This study addresses whether there is a threshold, some particular length of silent gap between two speakers' turns, at which negative social attributions emerge. The effect of such inter-turn silence was tested by constructing dialogues where responses to requests were identical and affirmative so that study participants' (n = 380) ratings about “willingness” would be colored by lag time, not semantics. 100 ms intervals between 200 and 1200 ms were tested in a between groups design. There was a notable drop-off in ratings at 600 ms and a statistically significant difference in ratings between 700 and 800 ms.
Research on the detection of emotion and attitude in the speech signal has developed rapidly in the past 15 years (for a detailed review, see Schuller et al., 2011). The work has evolved toward the study of cues which have immediate interpersonal significance, putting relationship rather than individuals at the center of our thinking (Ranganath et al., 2013). Indeed, for speech technology purposes, Scherer (2003) argues for greater understanding of vocal modifications that signal “interpersonal stance” rather than very rare or highly intense (and therefore socially regulated) emotional expressions in the voice (pp. 242–243). Similarly, Rilliard et al. (2009) pursue a multimodal, audiovisual approach to the study of attitude and prosody, advancing further the exploration of the audio-visual interplay between speaker-hearers. Perhaps most intriguing from an acoustics standpoint, Okada et al. (2012) examine how higher order pitch relationships (consonance and dissonance) can be detected in agreeable vs disagreeable conversation. In sum, acoustic and related speech recognition research is taking account of the interpersonal contexts of language use, studying how attitude, not just emotion, is expressed.

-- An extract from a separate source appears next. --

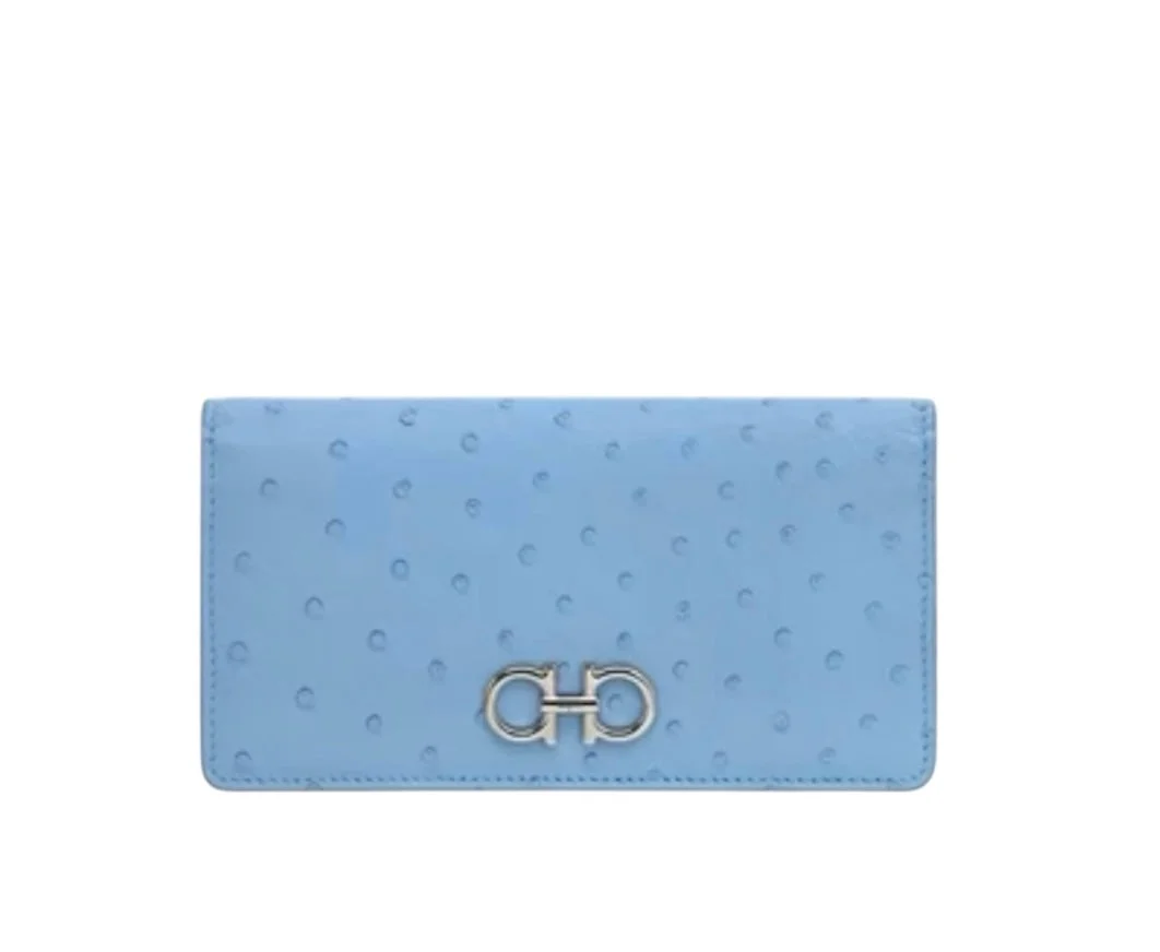 Ferragamo Gancini Ostrich Wallet 0776943 S1183BLUE All sales are final. We only accept returns if there is a quality issue.

The shift to dialogically relevant cues to attitude is a crucial development. Understandably, these explorations have focused on the presence of features in the signal; however, important interpersonal information is also transmitted through the absence of signal, particularly through silence in conversation. Thus, in this study, we motivate a specific question about perceptions of “willingness” or “unwillingness” to comply with requests as cued by different lengths of inter-turn silence. In Scherer's terms, the “interpersonal stance” at stake is one of supportiveness (Scherer, 2003, p. 243). To address the question of silence as a relevant cue to interpersonal support, we first describe the turn-taking model for conversation that provides the theoretical and empirical grounding for our research design and predictions about inter-turn silence and interlocutors' stance.
Nearly 40 years ago, Sacks et al. (1974) described several “grossly apparent facts” about conversation, and from those observations derived what has become the most widely used, empirically grounded model of turn-taking for studies of communication (Roberts and Robinson, 2004). Their model addresses the way in which turns at talk are constructed, ordered, and distributed among speakers. Most important for the current study is their identification of the “transition relevance place” or the moment when one unit of talk comes to an end and a next unit begins (initiated by the same or another speaker.) This deceptively simple moment is actually the locus of intense interpersonal activity, and such transitions are accomplished effortlessly, seamlessly, and without notice billions of time a day across the globe. Indeed, the natural transition time between speakers is relatively consistent, approximately 250 ms, across diverse languages and cultures (Stivers et al., 2009.) Furthermore, it has long been known from qualitative research that when there is a brief gap after a turn where response is expected (e.g., after requests or invitations), a first speaker will treat this as some form of trouble, evidenced in his or her pursuit of response (Davidson, 1984; Pomerantz, 1984).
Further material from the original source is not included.